→ **TASK REQUIREMENTS**
Output only the lines of the entries that follow, starting at the one with "Алгоритм вычисления значения" and running down to the one with "공간의 벽은 청회색으로", both included and unchanged.

──────── STORED DATA ────────

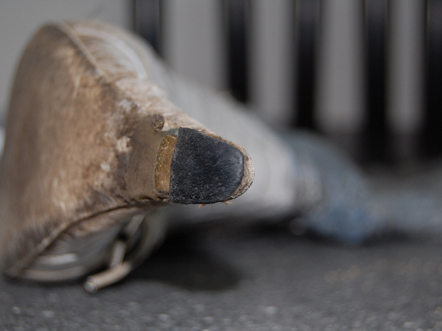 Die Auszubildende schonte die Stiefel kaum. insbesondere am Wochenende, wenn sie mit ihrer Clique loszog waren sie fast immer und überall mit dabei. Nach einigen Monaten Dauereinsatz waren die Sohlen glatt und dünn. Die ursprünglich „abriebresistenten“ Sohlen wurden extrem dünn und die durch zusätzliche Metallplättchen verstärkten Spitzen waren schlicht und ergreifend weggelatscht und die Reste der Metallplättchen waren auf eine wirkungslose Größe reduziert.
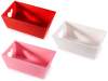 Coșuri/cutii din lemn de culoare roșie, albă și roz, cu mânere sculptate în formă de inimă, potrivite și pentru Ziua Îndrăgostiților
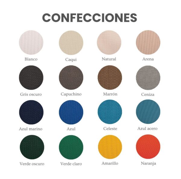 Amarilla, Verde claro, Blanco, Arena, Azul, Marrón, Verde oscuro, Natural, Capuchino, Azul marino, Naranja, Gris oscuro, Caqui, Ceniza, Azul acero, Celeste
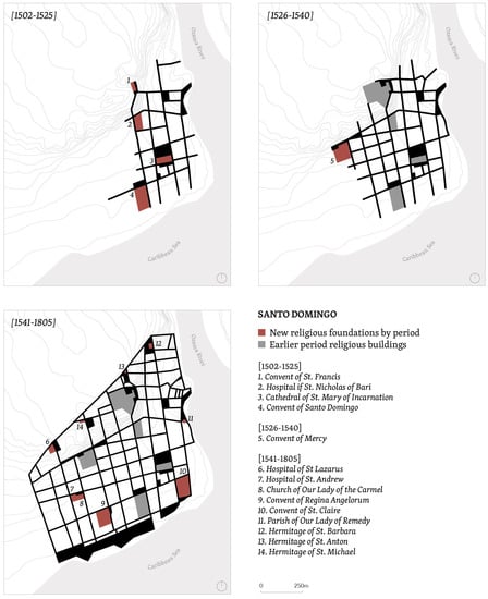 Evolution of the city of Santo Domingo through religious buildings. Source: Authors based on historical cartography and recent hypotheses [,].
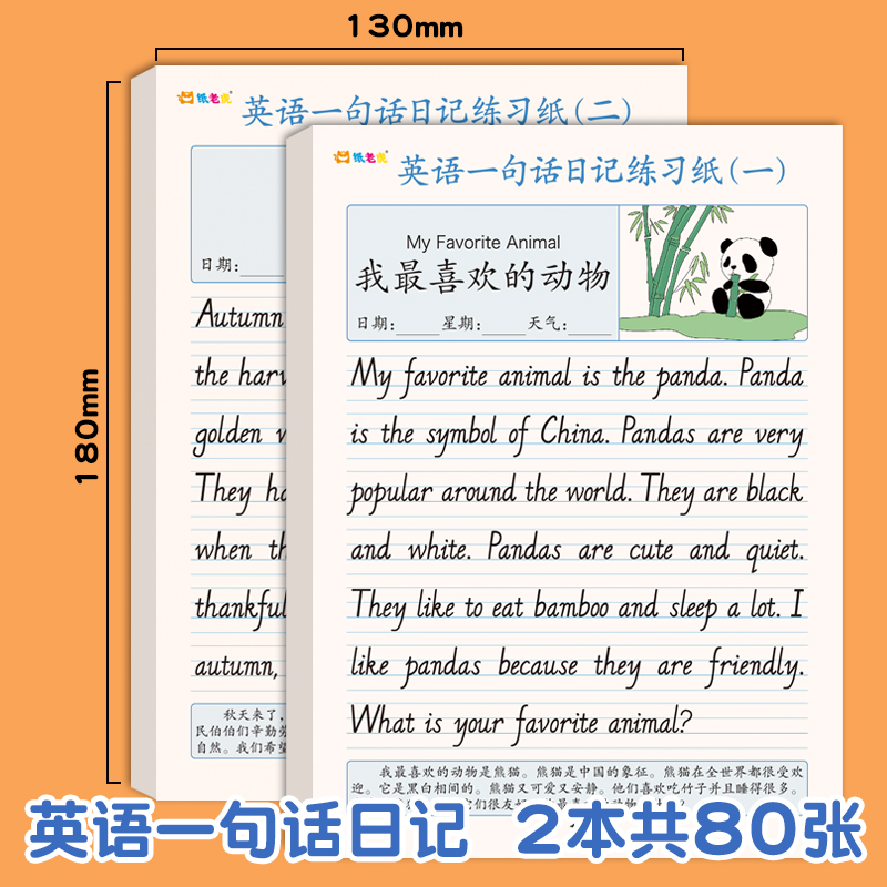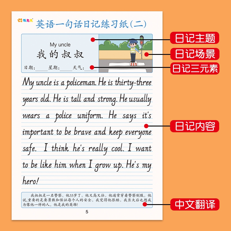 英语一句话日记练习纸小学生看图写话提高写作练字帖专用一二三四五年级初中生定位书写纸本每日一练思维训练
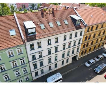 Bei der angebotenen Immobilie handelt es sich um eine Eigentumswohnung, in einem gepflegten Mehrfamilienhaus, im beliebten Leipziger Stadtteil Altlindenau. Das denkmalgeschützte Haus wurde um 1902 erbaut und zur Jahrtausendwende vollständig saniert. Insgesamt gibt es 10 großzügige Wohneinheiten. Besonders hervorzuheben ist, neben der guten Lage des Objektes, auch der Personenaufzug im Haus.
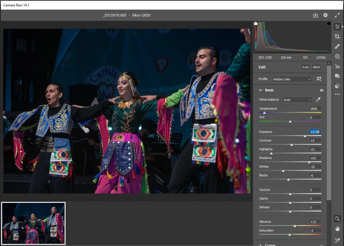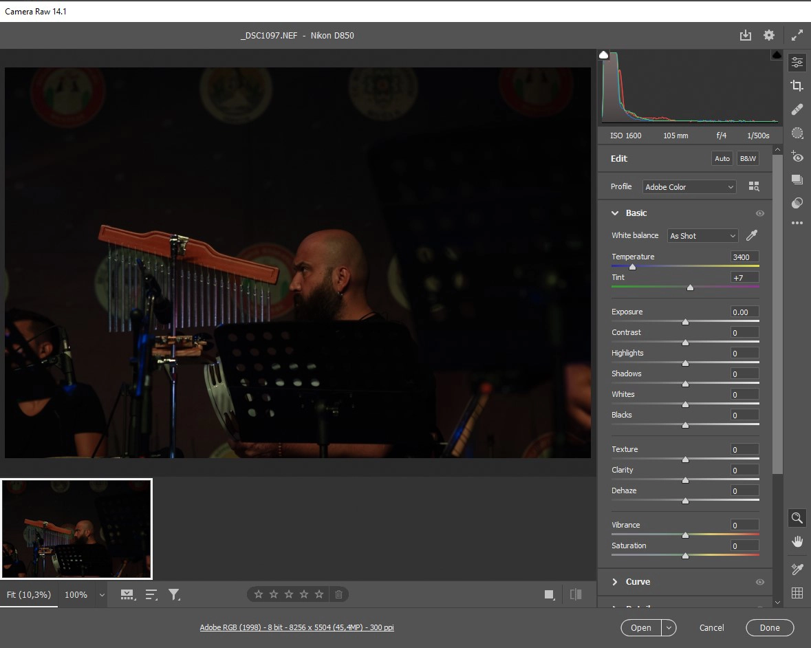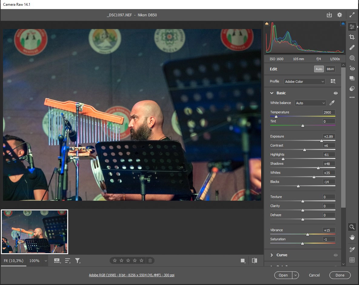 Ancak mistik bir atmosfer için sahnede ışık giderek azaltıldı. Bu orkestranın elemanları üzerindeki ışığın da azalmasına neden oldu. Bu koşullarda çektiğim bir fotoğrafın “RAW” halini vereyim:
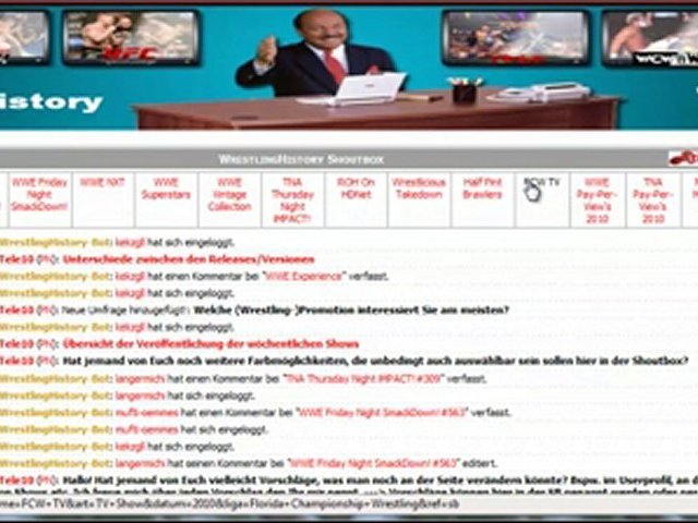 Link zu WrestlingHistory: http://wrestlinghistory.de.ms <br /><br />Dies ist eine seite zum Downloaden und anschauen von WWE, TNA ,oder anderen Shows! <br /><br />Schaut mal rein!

────────
──────── STORED DATA ────────

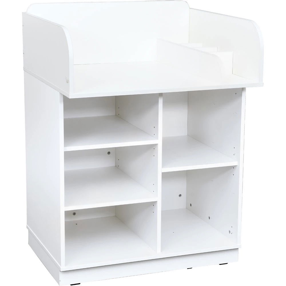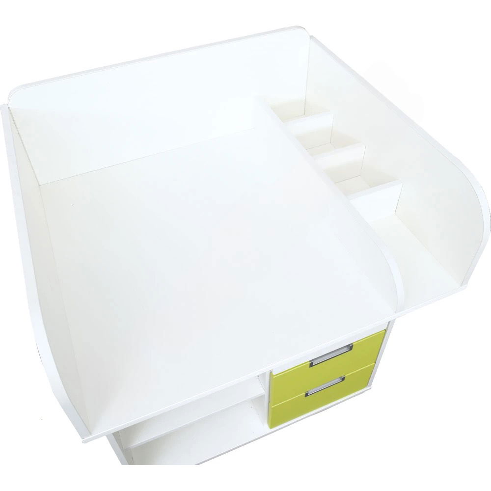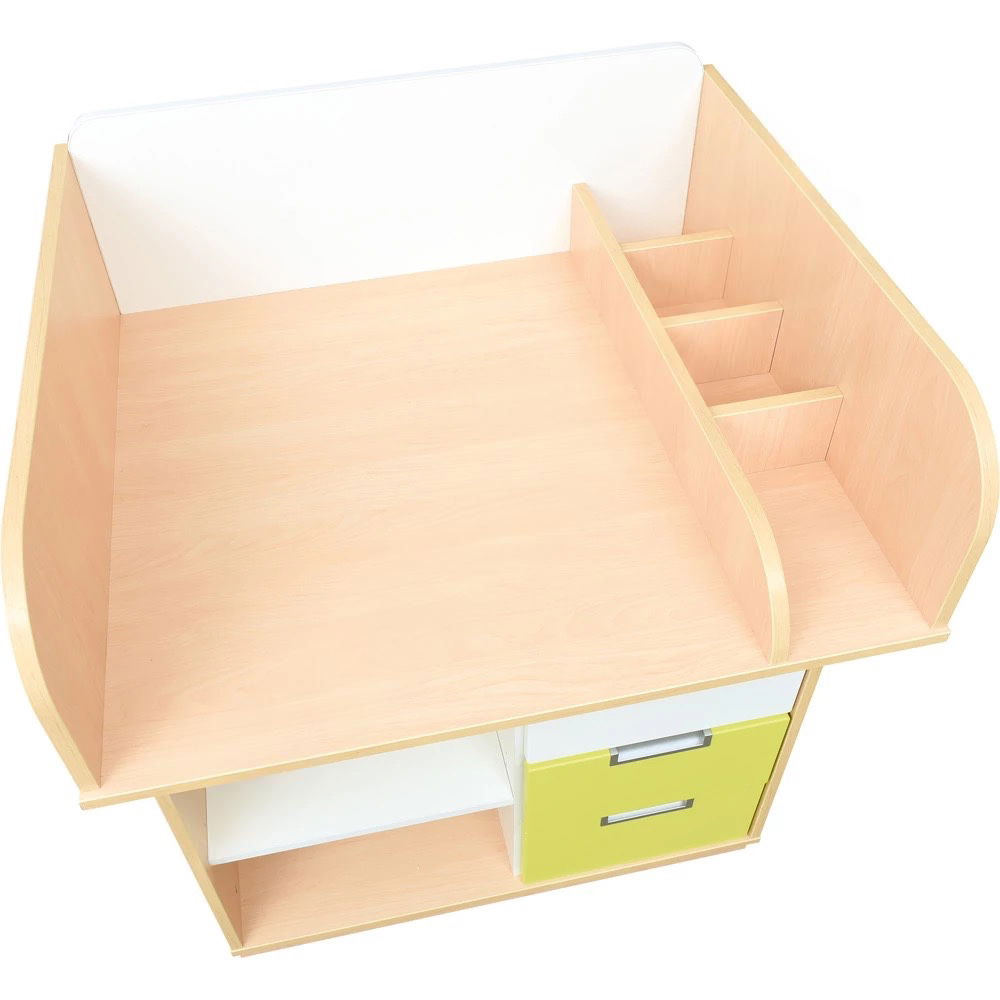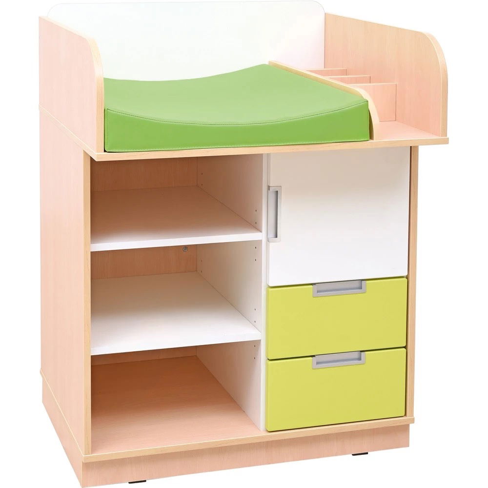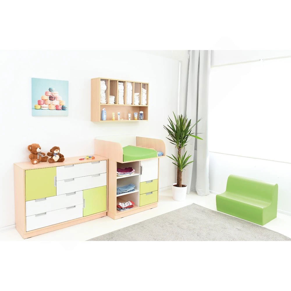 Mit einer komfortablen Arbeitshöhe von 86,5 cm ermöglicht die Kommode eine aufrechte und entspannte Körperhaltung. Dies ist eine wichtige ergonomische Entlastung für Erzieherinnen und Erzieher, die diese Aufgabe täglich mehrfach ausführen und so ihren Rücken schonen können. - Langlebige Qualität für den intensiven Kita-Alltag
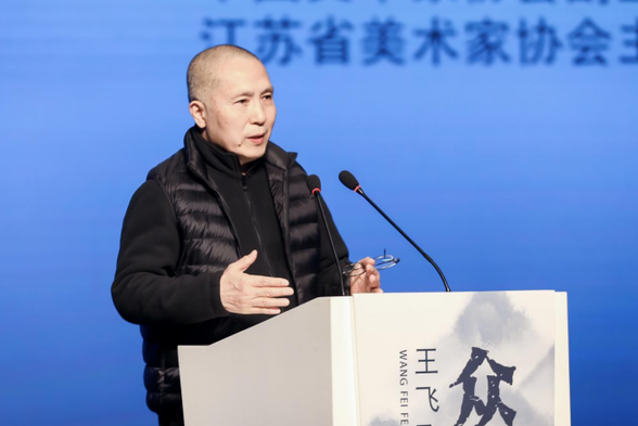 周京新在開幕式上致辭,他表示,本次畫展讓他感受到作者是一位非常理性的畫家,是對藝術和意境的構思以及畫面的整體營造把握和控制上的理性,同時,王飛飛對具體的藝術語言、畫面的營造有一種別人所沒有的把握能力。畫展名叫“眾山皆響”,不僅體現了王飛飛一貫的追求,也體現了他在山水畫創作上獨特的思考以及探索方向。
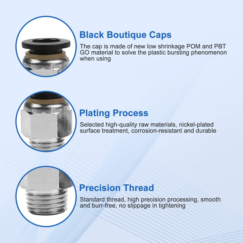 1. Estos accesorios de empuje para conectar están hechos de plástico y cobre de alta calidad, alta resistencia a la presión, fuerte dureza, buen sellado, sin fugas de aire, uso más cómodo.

────────
──────── STORED DATA ────────

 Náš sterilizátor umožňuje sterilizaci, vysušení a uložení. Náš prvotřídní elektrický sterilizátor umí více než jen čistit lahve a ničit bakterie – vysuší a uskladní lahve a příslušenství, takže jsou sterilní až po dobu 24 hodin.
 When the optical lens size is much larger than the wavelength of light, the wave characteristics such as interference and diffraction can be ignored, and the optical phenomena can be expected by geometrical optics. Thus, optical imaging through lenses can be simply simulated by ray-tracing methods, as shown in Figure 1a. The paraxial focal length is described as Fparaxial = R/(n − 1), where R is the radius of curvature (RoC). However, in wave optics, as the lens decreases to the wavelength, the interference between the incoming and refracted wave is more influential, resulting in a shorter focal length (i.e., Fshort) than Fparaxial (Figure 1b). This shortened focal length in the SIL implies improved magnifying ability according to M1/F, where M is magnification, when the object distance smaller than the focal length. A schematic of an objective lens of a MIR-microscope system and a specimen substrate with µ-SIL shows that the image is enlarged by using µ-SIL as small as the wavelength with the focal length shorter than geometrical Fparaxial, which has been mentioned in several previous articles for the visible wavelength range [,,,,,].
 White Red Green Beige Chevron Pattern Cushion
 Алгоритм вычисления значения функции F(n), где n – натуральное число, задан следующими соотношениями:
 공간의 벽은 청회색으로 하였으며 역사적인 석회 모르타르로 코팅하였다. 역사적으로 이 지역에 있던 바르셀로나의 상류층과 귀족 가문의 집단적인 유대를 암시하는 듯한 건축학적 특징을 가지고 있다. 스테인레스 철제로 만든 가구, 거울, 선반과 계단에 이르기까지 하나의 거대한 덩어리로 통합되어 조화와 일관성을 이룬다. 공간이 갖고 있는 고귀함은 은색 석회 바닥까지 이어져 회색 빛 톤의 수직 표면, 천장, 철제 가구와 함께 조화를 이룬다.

────────

→ **SOLUTION FOR THIS TASK**
 Алгоритм вычисления значения функции F(n), где n – натуральное число, задан следующими соотношениями:
 공간의 벽은 청회색으로 하였으며 역사적인 석회 모르타르로 코팅하였다. 역사적으로 이 지역에 있던 바르셀로나의 상류층과 귀족 가문의 집단적인 유대를 암시하는 듯한 건축학적 특징을 가지고 있다. 스테인레스 철제로 만든 가구, 거울, 선반과 계단에 이르기까지 하나의 거대한 덩어리로 통합되어 조화와 일관성을 이룬다. 공간이 갖고 있는 고귀함은 은색 석회 바닥까지 이어져 회색 빛 톤의 수직 표면, 천장, 철제 가구와 함께 조화를 이룬다.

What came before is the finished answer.